» What the task asks: In the listing below, find the line containing "Publication: Al Khaleej" and the line containing "5月23日,青島通濟實驗學校高三學生在簽名板上留言相互鼓勵。新華社記者 李紫恒 攝", then copy exactly everything from the first through the second, except the pictures.

» Source data:
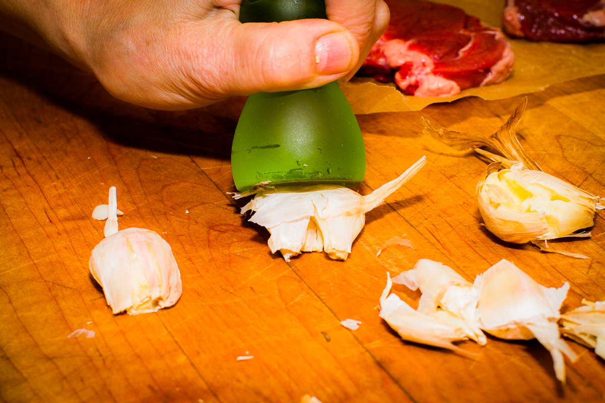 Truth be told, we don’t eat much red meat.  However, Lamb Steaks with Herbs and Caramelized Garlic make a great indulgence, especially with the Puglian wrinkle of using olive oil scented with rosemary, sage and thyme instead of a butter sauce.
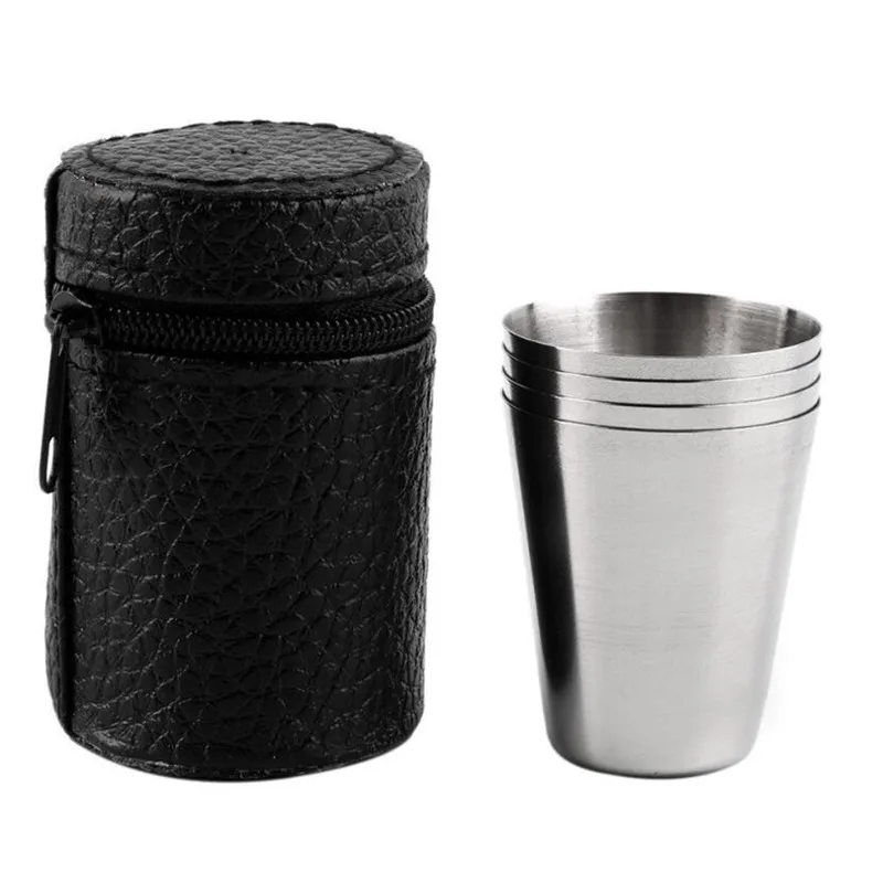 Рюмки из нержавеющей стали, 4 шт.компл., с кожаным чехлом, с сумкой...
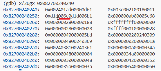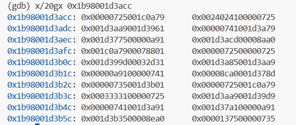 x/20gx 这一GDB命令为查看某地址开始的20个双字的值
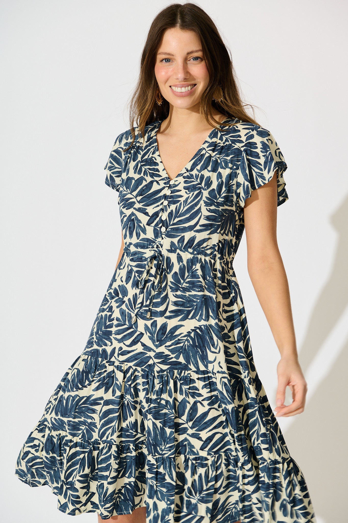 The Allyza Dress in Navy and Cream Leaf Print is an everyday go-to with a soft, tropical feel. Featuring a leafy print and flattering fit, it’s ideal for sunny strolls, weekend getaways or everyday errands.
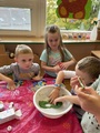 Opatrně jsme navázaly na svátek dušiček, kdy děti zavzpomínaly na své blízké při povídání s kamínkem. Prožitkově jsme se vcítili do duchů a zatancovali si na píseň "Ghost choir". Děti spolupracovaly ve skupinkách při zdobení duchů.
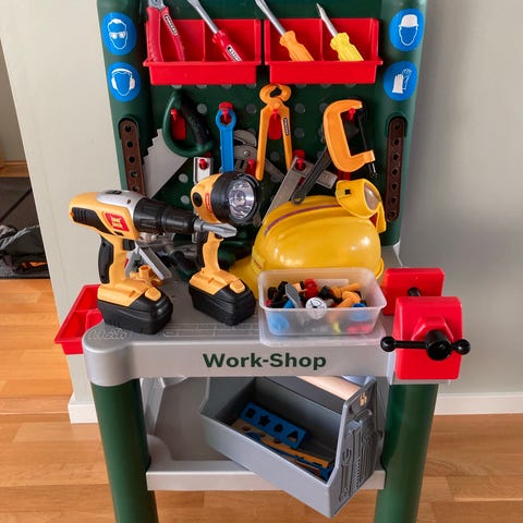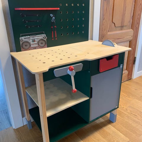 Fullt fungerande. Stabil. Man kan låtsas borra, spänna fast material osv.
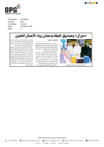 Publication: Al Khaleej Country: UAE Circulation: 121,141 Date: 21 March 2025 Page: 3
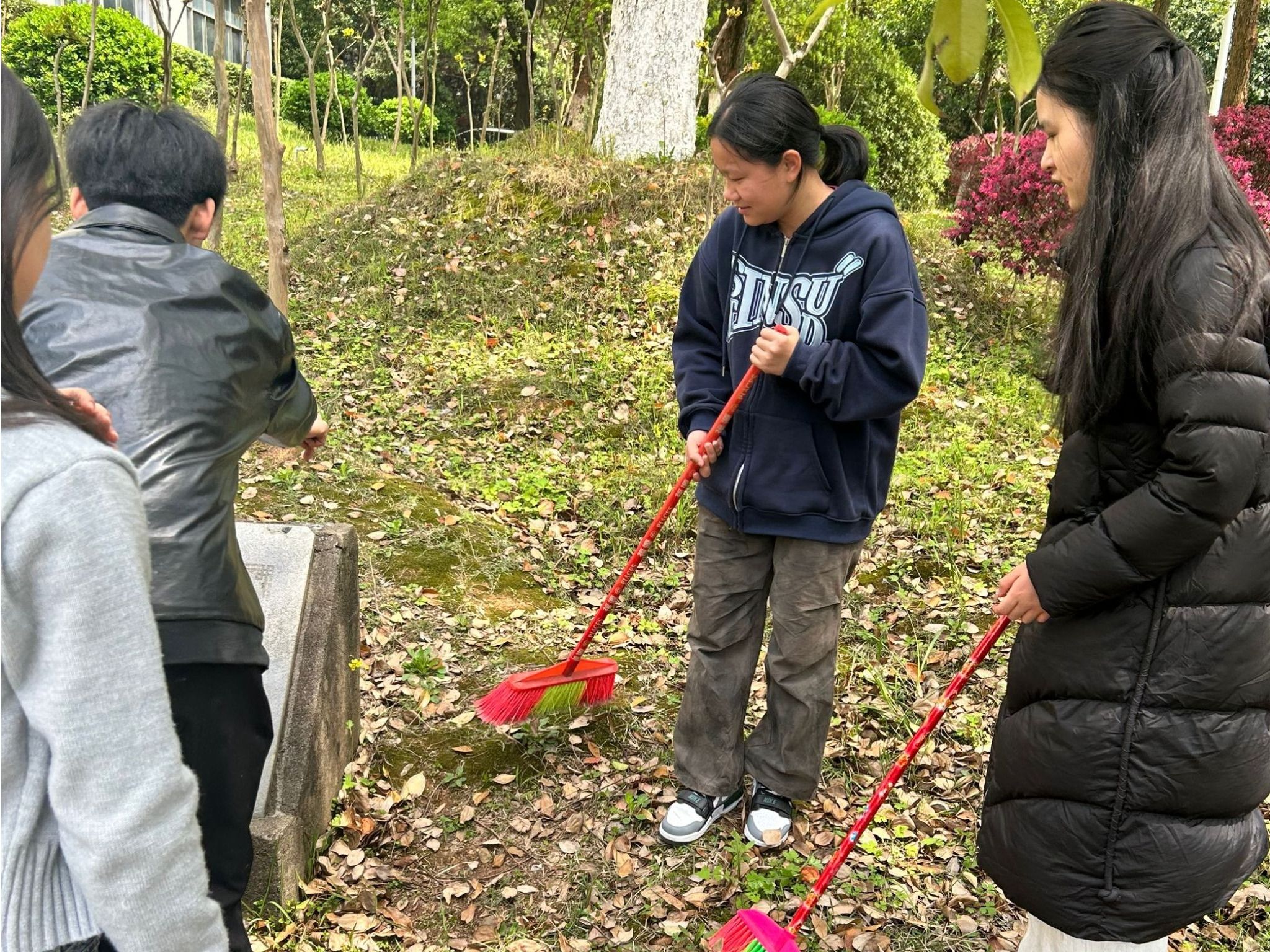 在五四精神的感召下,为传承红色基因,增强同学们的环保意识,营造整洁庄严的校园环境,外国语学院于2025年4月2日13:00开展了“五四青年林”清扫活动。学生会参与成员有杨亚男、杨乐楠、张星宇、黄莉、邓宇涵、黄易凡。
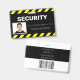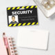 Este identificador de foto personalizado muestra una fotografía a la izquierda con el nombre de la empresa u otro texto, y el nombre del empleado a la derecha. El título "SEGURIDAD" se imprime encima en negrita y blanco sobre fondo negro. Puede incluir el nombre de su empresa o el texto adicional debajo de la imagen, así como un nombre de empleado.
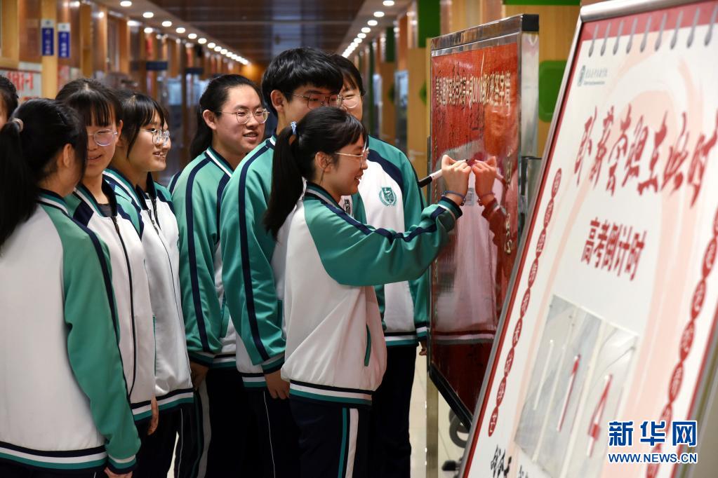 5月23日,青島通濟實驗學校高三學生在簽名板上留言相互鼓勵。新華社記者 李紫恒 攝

--

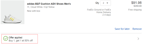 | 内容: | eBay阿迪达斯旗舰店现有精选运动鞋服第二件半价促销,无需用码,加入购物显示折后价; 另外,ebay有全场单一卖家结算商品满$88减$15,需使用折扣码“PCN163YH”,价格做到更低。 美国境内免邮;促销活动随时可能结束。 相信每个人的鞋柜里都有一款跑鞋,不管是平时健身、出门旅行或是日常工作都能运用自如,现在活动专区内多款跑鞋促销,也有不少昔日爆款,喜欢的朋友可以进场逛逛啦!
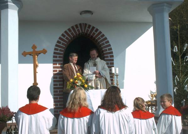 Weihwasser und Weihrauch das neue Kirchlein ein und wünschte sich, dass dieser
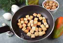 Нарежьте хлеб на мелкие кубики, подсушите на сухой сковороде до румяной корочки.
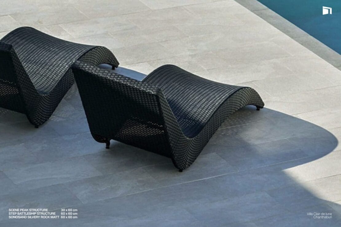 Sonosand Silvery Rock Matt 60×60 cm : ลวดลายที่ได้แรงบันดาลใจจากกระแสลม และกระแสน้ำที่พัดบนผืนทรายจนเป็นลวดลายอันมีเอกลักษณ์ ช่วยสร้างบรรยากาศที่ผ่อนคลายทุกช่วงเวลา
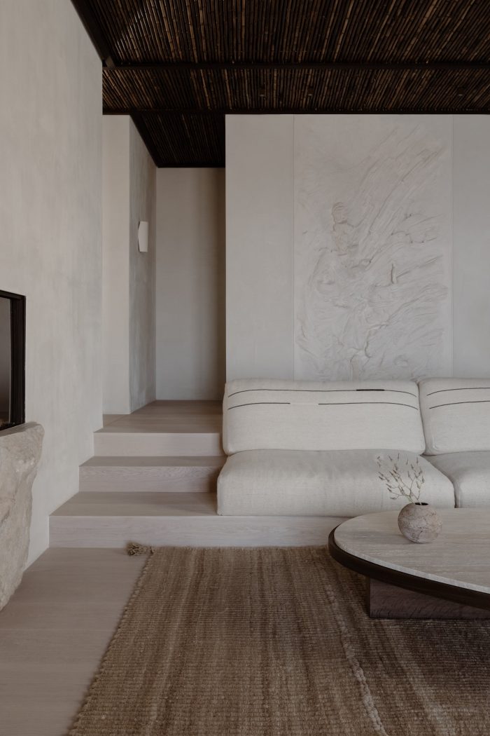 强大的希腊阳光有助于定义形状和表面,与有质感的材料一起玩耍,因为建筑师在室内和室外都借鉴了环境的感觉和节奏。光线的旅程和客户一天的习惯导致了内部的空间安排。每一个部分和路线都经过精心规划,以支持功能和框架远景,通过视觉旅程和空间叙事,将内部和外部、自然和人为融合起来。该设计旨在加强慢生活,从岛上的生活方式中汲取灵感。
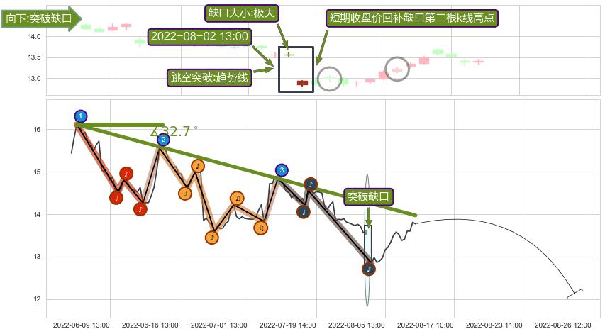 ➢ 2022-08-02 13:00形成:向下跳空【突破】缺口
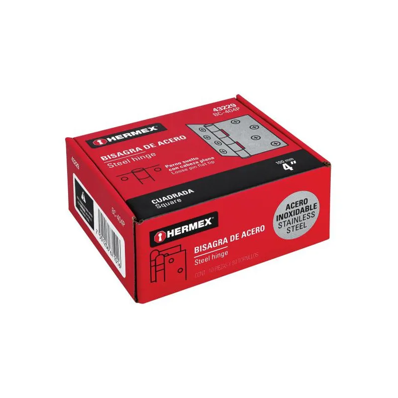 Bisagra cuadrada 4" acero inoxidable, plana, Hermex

» Written response:
 Publication: Al Khaleej Country: UAE Circulation: 121,141 Date: 21 March 2025 Page: 3
 在五四精神的感召下,为传承红色基因,增强同学们的环保意识,营造整洁庄严的校园环境,外国语学院于2025年4月2日13:00开展了“五四青年林”清扫活动。学生会参与成员有杨亚男、杨乐楠、张星宇、黄莉、邓宇涵、黄易凡。
 Este identificador de foto personalizado muestra una fotografía a la izquierda con el nombre de la empresa u otro texto, y el nombre del empleado a la derecha. El título "SEGURIDAD" se imprime encima en negrita y blanco sobre fondo negro. Puede incluir el nombre de su empresa o el texto adicional debajo de la imagen, así como un nombre de empleado.
 5月23日,青島通濟實驗學校高三學生在簽名板上留言相互鼓勵。新華社記者 李紫恒 攝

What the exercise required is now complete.